• WORK ORDER
The material below has pictures in it. Set down only the lines from the line containing "Cette carte postale" through the line containing "Tired of plain", word for word, and leave the pictures behind.

• INPUT MATERIAL
* * * * *

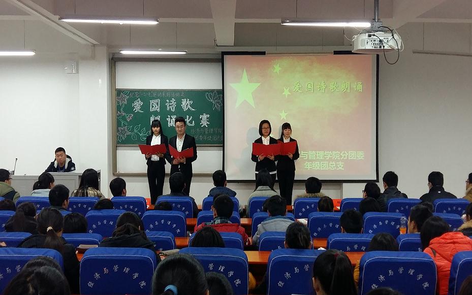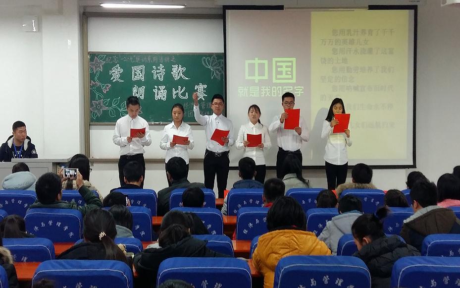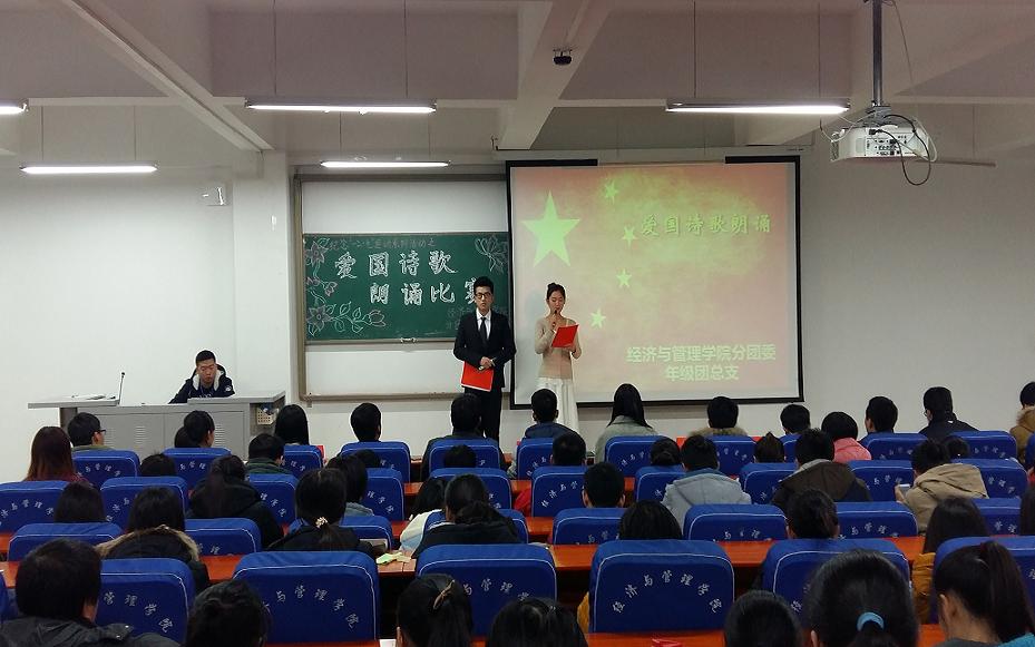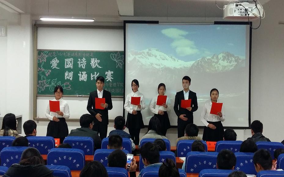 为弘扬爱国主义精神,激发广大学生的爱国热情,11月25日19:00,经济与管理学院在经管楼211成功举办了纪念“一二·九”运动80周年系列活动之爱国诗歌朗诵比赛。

* * * * *

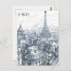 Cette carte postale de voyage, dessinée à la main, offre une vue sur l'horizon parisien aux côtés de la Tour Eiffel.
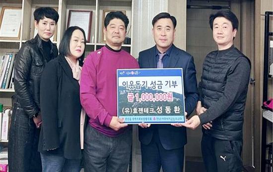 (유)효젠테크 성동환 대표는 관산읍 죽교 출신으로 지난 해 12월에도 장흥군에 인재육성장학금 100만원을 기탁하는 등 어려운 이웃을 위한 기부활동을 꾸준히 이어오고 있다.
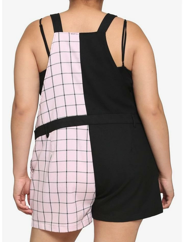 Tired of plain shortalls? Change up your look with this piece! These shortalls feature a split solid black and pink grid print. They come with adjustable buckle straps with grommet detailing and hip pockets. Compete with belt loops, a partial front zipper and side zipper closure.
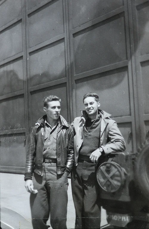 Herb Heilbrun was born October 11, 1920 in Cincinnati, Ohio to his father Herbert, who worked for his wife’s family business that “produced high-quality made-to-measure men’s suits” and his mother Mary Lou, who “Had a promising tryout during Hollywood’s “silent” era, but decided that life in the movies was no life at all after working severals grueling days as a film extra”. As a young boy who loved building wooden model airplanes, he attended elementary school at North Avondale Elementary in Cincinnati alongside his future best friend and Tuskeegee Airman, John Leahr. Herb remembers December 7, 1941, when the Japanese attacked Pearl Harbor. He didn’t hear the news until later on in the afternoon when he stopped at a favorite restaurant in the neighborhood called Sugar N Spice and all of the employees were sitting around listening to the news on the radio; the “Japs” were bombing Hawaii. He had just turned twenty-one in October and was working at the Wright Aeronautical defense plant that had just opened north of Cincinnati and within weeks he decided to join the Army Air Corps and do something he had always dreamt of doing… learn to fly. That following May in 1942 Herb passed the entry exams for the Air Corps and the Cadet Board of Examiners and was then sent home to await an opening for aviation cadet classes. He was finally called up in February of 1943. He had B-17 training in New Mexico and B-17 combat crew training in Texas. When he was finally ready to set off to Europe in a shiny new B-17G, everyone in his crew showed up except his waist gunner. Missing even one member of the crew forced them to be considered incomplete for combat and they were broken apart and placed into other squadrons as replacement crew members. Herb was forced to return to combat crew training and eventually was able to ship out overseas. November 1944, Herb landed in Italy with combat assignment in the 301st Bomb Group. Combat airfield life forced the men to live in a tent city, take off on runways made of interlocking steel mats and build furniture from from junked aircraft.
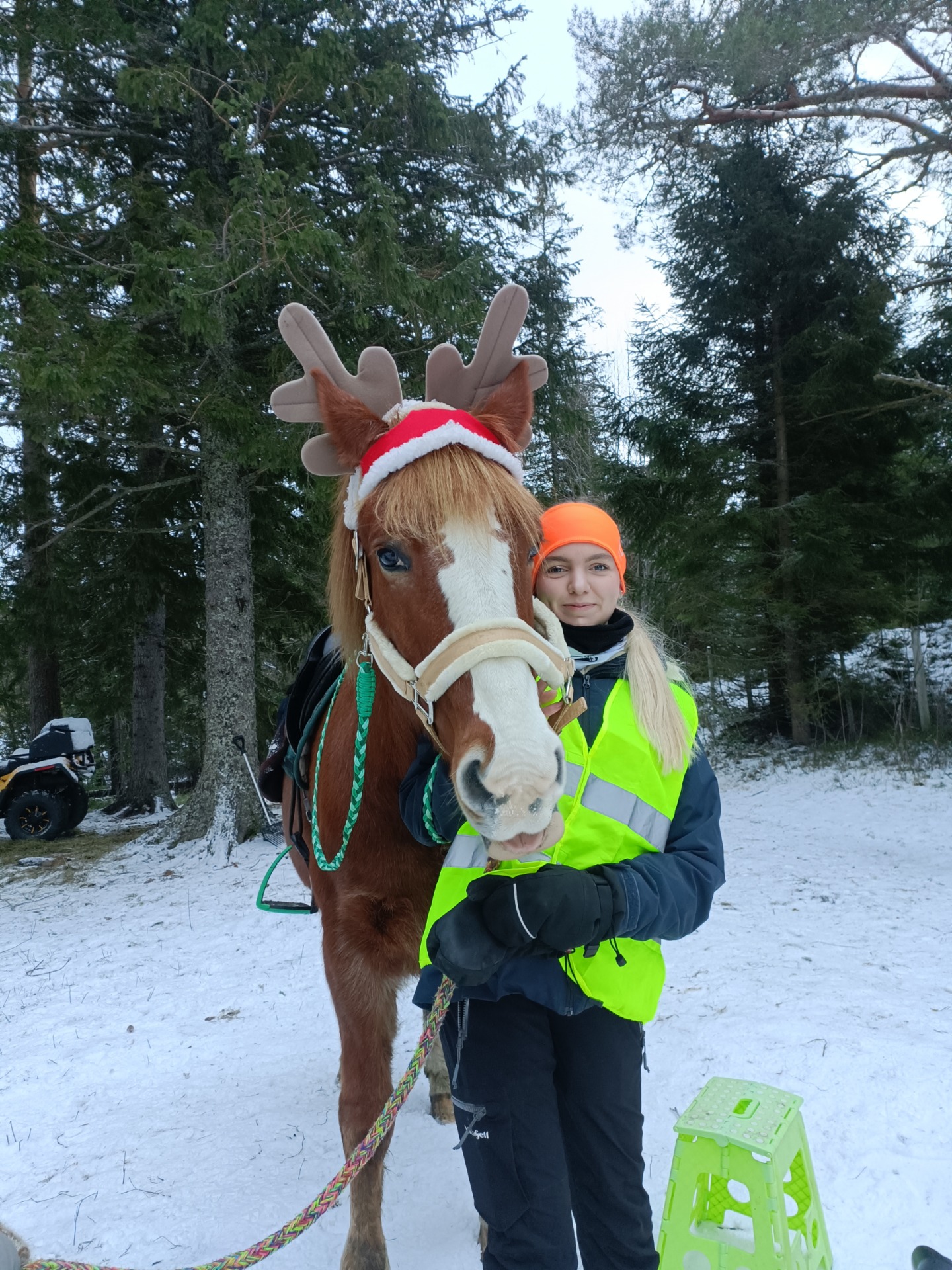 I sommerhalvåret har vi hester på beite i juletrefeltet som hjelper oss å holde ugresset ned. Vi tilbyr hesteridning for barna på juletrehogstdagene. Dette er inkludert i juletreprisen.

* * * * *

• PROBLEM SOLUTION
 Cette carte postale de voyage, dessinée à la main, offre une vue sur l'horizon parisien aux côtés de la Tour Eiffel.
 (유)효젠테크 성동환 대표는 관산읍 죽교 출신으로 지난 해 12월에도 장흥군에 인재육성장학금 100만원을 기탁하는 등 어려운 이웃을 위한 기부활동을 꾸준히 이어오고 있다.
 Tired of plain shortalls? Change up your look with this piece! These shortalls feature a split solid black and pink grid print. They come with adjustable buckle straps with grommet detailing and hip pockets. Compete with belt loops, a partial front zipper and side zipper closure.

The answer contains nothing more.